Work instructions — For this exercise, return all the data word for word, with images left out.

Material provided —
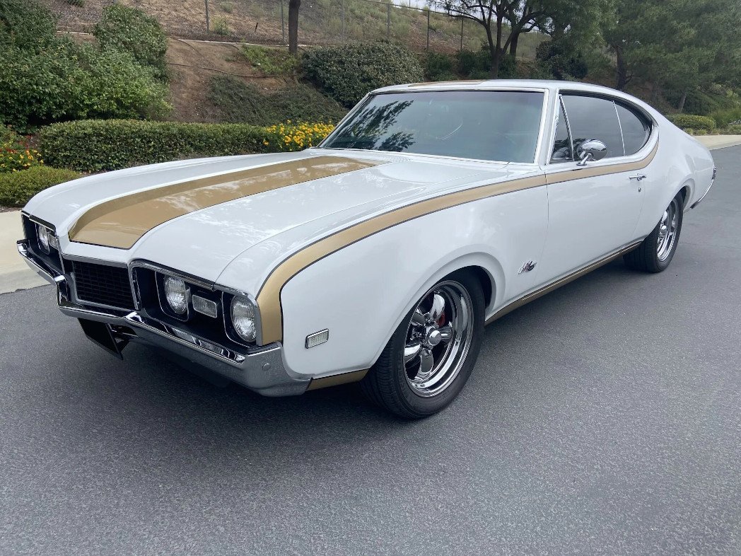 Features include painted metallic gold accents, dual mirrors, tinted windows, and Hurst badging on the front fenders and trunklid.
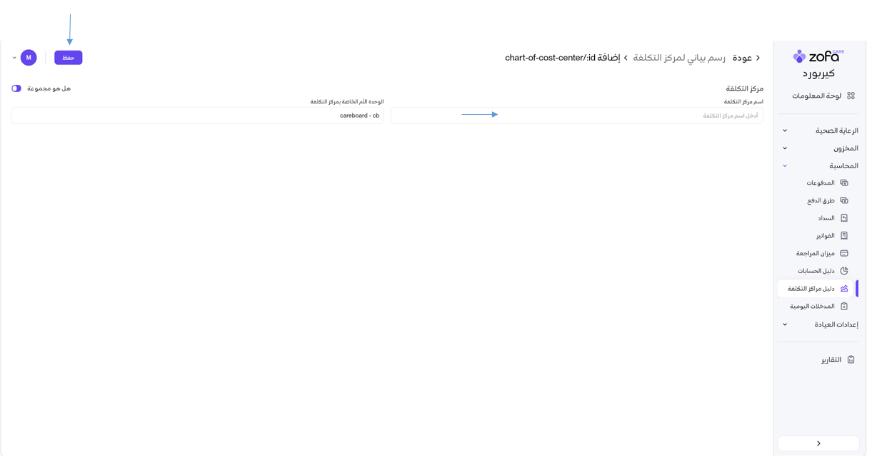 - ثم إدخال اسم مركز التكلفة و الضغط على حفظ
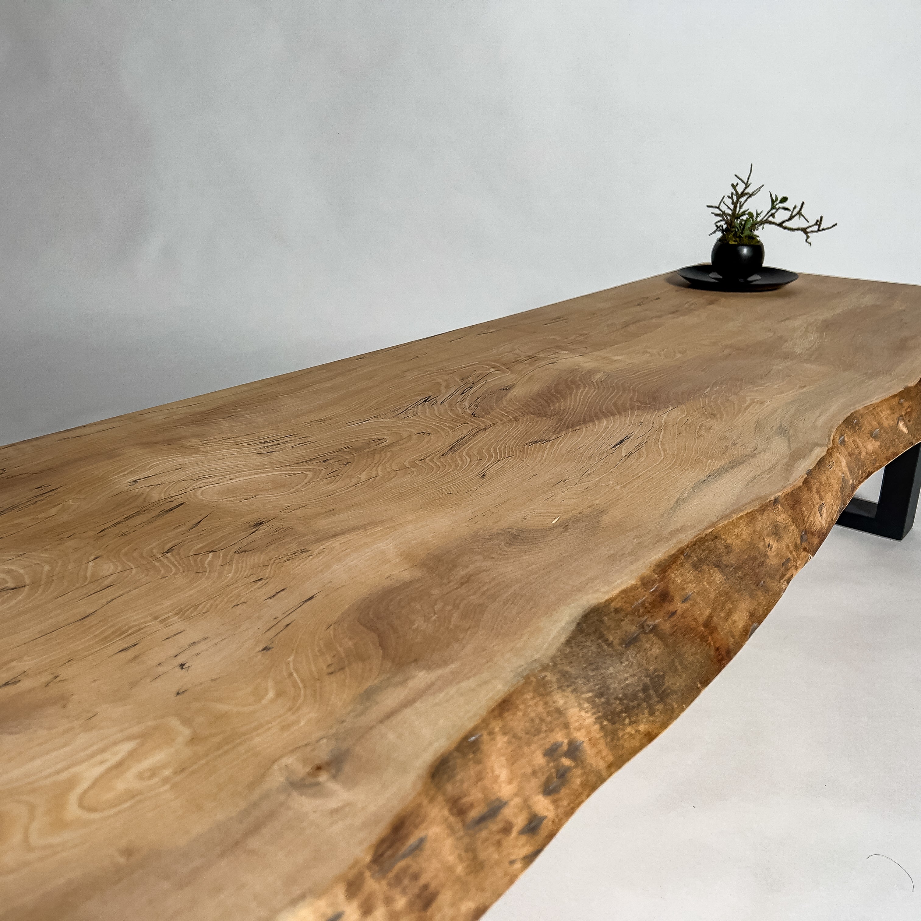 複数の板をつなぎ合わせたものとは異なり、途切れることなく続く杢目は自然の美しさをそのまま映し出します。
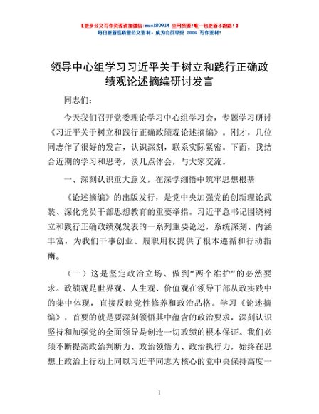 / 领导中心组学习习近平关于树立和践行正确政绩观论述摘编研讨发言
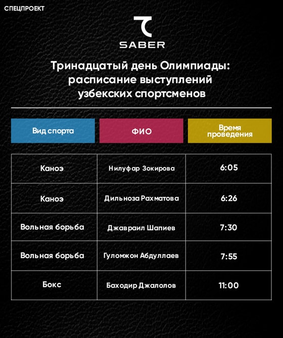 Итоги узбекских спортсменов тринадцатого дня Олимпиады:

Result —
 Features include painted metallic gold accents, dual mirrors, tinted windows, and Hurst badging on the front fenders and trunklid.
 - ثم إدخال اسم مركز التكلفة و الضغط على حفظ
 複数の板をつなぎ合わせたものとは異なり、途切れることなく続く杢目は自然の美しさをそのまま映し出します。
 / 领导中心组学习习近平关于树立和践行正确政绩观论述摘编研讨发言
 Итоги узбекских спортсменов тринадцатого дня Олимпиады:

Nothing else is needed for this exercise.